PROBLEM DESCRIPTION:
Given the records underneath, please repeat exactly the lines from the line with "Allahabad (10 km)" through the line with "- Стержень шариковый", passing over any picture.

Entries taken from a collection
------------------------------------------------
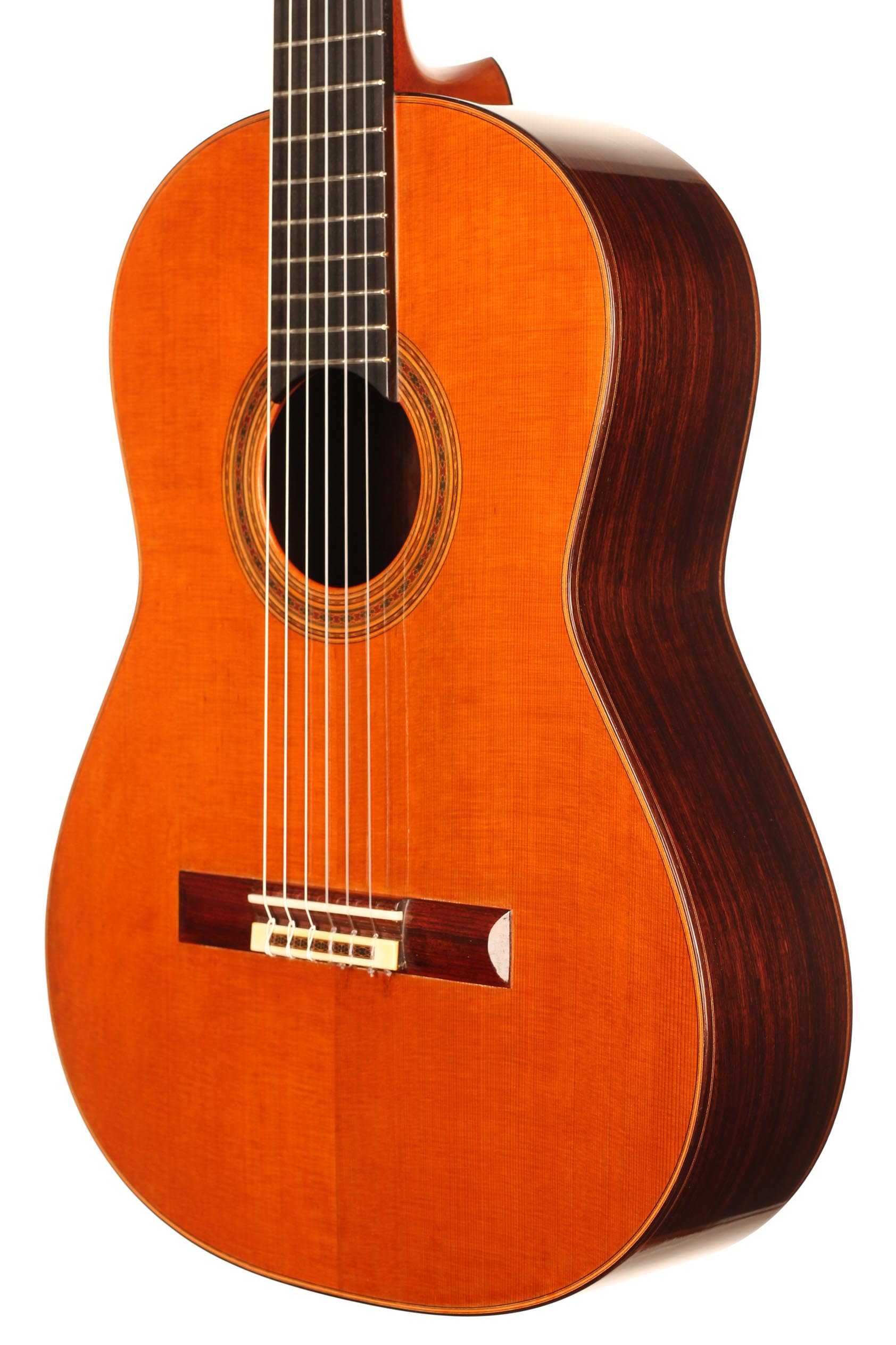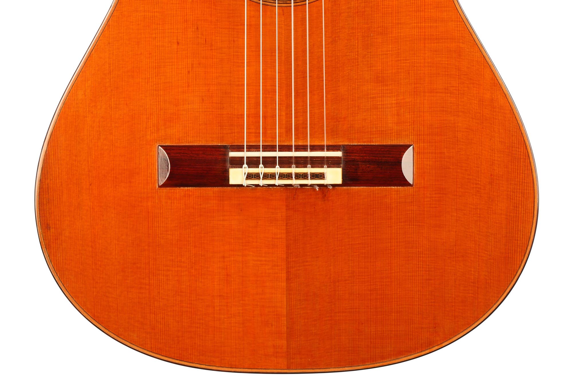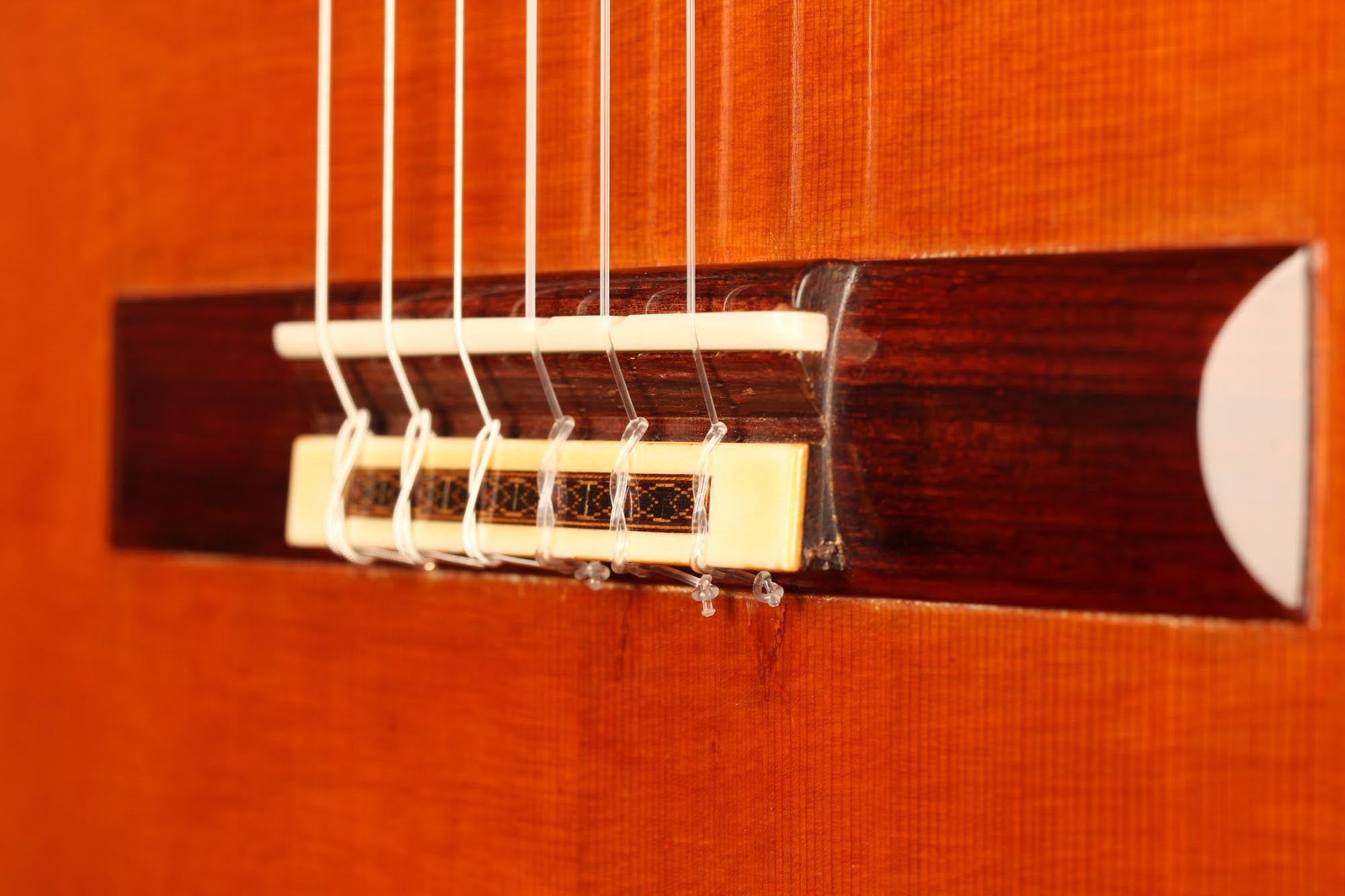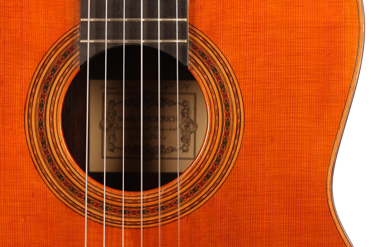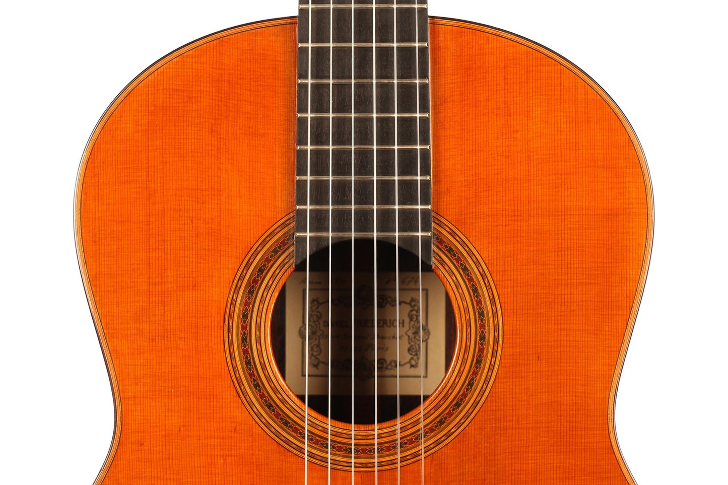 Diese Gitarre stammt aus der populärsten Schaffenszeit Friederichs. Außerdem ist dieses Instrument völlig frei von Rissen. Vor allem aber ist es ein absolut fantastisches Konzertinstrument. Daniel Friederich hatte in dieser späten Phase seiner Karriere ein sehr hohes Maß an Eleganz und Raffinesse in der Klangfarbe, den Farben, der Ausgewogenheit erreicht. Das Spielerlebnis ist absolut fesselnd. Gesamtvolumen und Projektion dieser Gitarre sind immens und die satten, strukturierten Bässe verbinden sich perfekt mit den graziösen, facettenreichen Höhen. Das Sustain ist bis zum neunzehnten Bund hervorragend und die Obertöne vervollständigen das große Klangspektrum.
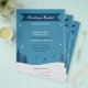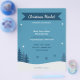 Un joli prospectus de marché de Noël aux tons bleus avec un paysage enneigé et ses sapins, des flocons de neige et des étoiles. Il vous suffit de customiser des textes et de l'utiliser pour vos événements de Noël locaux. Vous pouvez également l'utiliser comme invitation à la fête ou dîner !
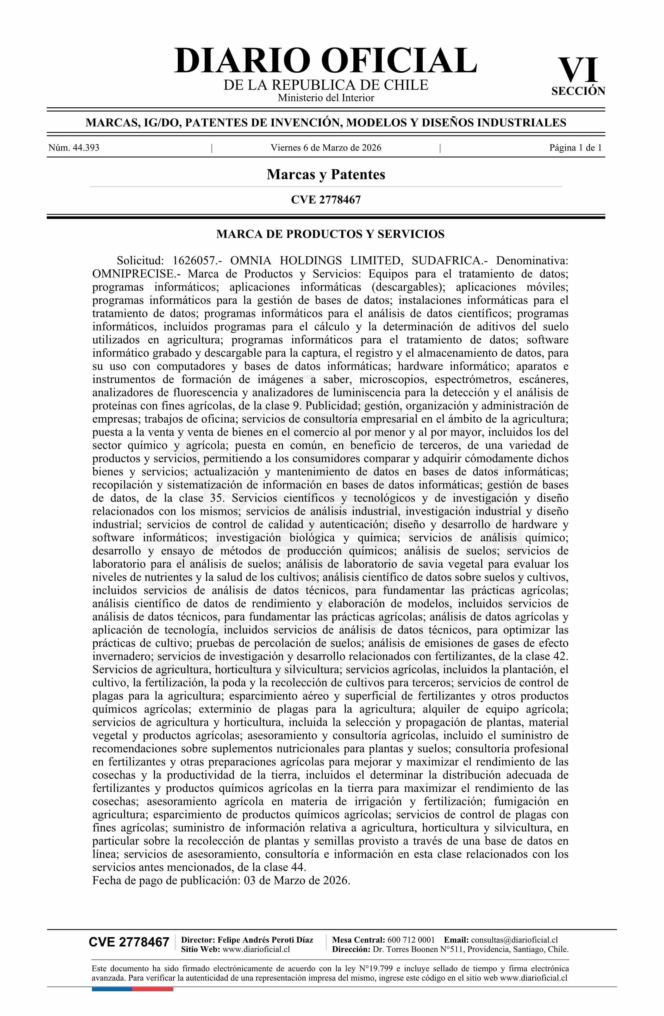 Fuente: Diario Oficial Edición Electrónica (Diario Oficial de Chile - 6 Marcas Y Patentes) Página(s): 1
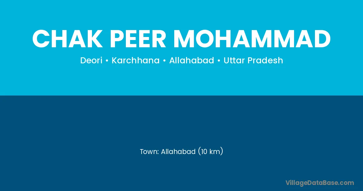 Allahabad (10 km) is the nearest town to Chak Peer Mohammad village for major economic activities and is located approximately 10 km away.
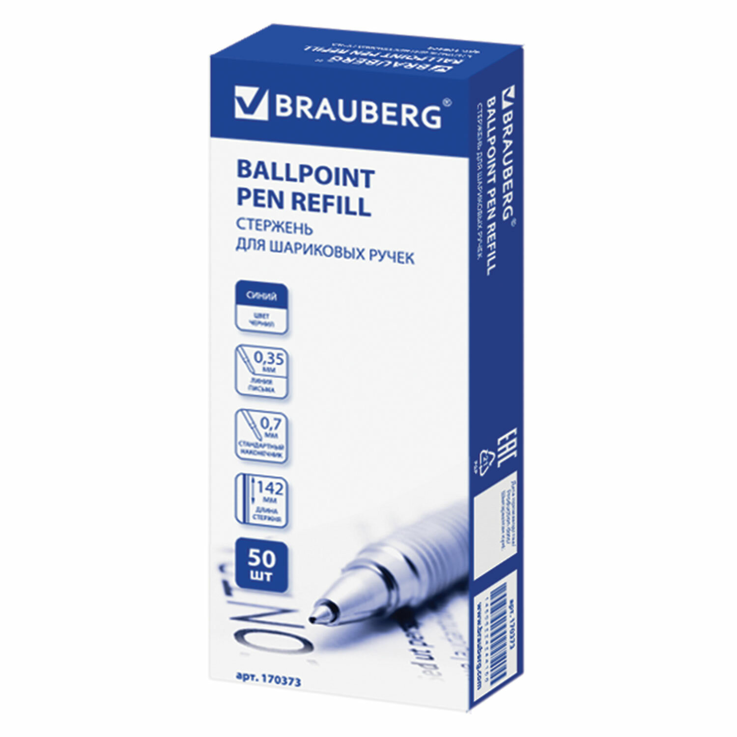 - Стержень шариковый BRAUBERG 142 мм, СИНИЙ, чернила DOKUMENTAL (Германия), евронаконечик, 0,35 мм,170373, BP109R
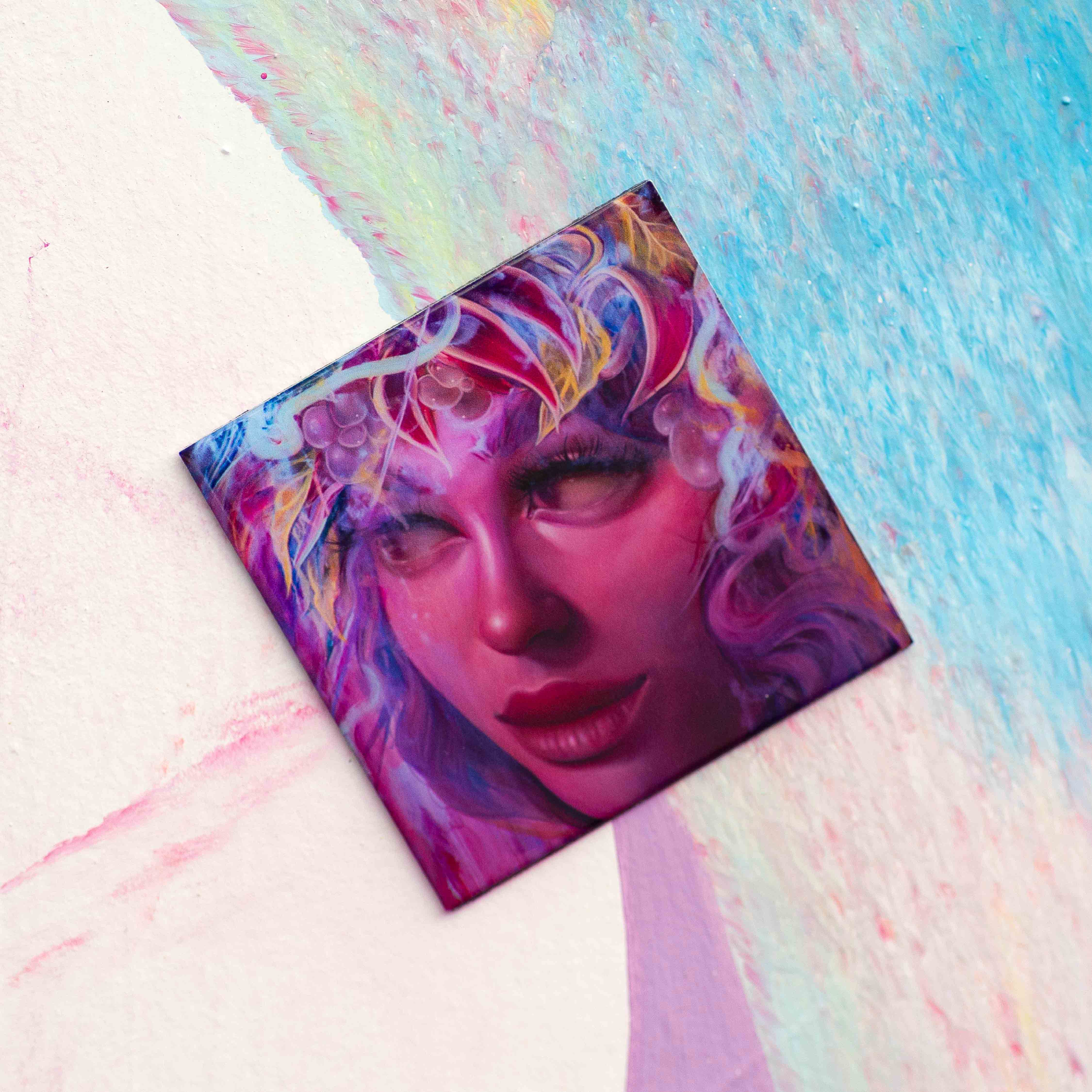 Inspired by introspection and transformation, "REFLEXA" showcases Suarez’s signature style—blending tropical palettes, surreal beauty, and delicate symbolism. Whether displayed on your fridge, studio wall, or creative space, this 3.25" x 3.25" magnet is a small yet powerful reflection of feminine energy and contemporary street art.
------------------------------------------------
WRITTEN ANSWER:
 Allahabad (10 km) is the nearest town to Chak Peer Mohammad village for major economic activities and is located approximately 10 km away.
 - Стержень шариковый BRAUBERG 142 мм, СИНИЙ, чернила DOKUMENTAL (Германия), евронаконечик, 0,35 мм,170373, BP109R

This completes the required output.